There are some situations on the business agenda where it can make sense for businesses to take a do-it-yourself (DIY) approach. For example, in the aftermath of a small coffee spill on the carpet, it might be simpler, faster, and cheaper to head to a local hardware store (or online store) and purchase a cannister of carpet detergent versus to call in a crew of industrial cleaning experts.
However, there are other situations where taking a DIY approach in business is unwise, dangerous, and potentially catastrophic — and atop this list is IT asset disposal. According to Global Electronic Recycling, which provides a full range of end-to-end specialized recycling solutions, here are the five key reasons why:
1. Security Risks
Most businesses believe that merely overwriting disk data — often through the use of free or inexpensive online tools— is sufficient to prevent their proprietary information, sensitive material, and other private and confidential data from being accessed by a third party at some point down the road.
Unfortunately for such businesses, this belief is categorically wrong and could lead to very costly and problematic breaches, compliance failures, lawsuits, fines, sanctions, and lasting reputation damage.
Global Electronic Recycling, which is headquartered in Phoenix, Arizona, notes that is absolutely essential for businesses to ensure that all data on disk drives, including removable devices, are completely wiped of all sensitive data using technology that meets the Department of Defense 5220.2-M standard. This means that all addressable disk drive locations are overwritten with a character, its complement, and a random character. Afterward, this procedure must be properly verified.
At the same time, many businesses overlook the fact that sensitive and private data does not just live on disk drives. It is also commonly found on photocopiers, cell phones, and even fax machines. All of this data must be completely and properly deleted before an asset is resolved and re-marketed.
2. Financial Risks
Most businesses that attempt a DIY approach to IT asset disposition do not fully monetize their end-of-life assets, because they are not aware of their value in the marketplace, and do not have an established distribution network. The result is that businesses typically leave thousands of dollars on the table that they could otherwise reclaim and allocate in their organization.
Global Electronic Recycling adds that most businesses are so fed up with storing shelves and piles of e-waste — everything from old copiers that have not worked in years, to boxes of smartphones and IP phones, and the list goes on — that they are happy to simply get rid of it and reclaim office or warehouse space.

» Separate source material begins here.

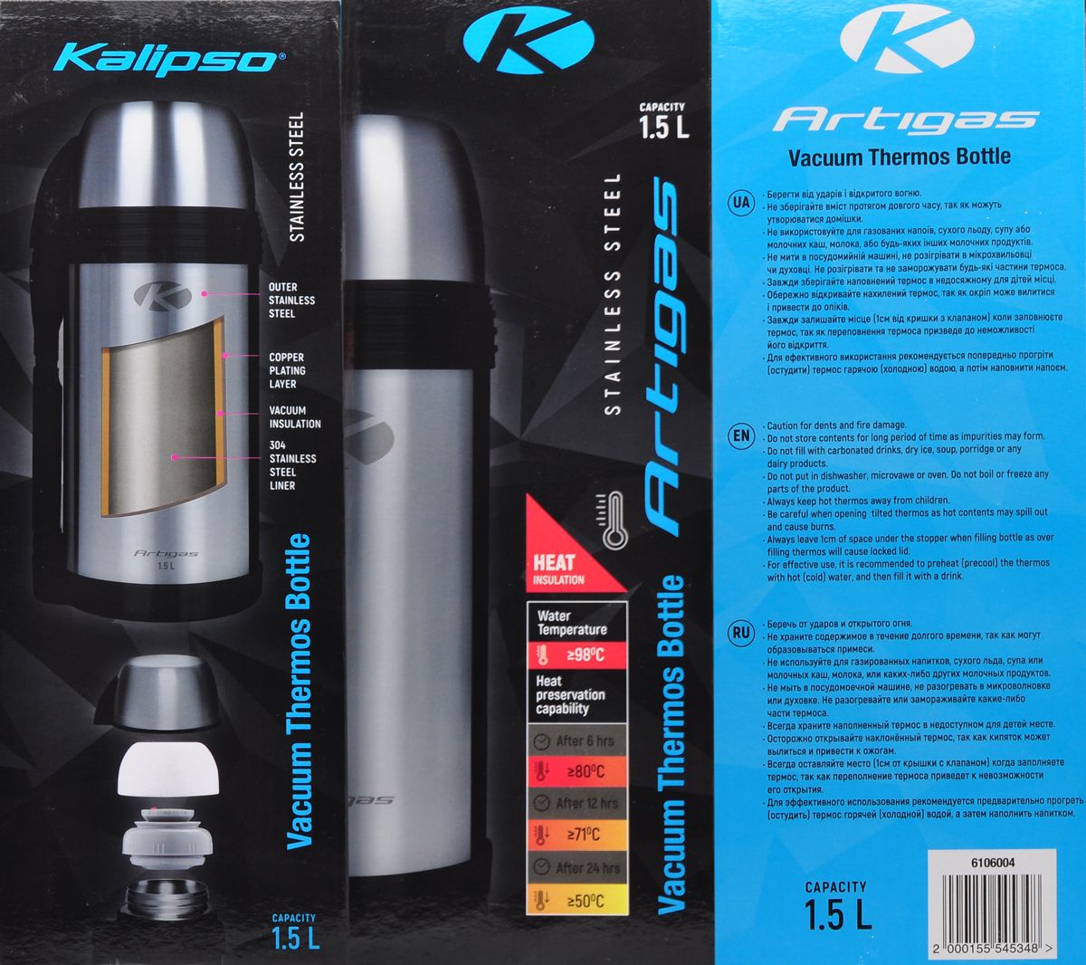 Серія термосів Kalipso Artigas підвищеної місткості з нержавіючої сталі. Ідеальний варіант для пікніків поїздок на дачу, виїздів на, рибалку.

However, they should not overlook the fact that end-of-life assets can in most cases generate revenues; especially if the assets are functional and there is demand in the secondary market.
3. Supply Chain Risks
Businesses that DIY IT asset disposition is typically unaware of state-level laws— or, in their absence, best practices — that mandate each asset to ultimately determine what assets were destroyed, repurposed, or recycled.
This is also the case when businesses choose an unqualified company that is essentially an e-waste hauler, and not a legitimate IT asset disposal firm.
4. Environmental Risks
Many businesses that try to manage IT asset disposal themselves lack the expertise, resources, and tools to properly recycle complex IT parts, which often need to have toxic components extracted so they do not leach into the soil and water. At the same time, such businesses do not have the capacity (or even the awareness) to extract heavy metals such as palladium, gold, silver, and copper; all of which can be re-used.
Global Electronic Recycling adds that a legitimate and comprehensive end-of-life management solution, such as the one that the companyhas in place, follows the requirements of the RIOS:2016, R2:2013, ISO14001:2004, and ISO 9001:2008 standards, respectively. In addition, their acclaimed zero landfill approach ensures that customers’ assets are fully recycled, which minimizes — or better yet in some cases, eliminates — landfill use.
5. Ethical Risks
The good news is that, as noted above, end-of-life assets can be re-marketed and used for many years in the future. However, the bad news is that sometimes these assets end up in developing countries that enable (tacitly or blatantly) unethical practices, such as the use of child labor.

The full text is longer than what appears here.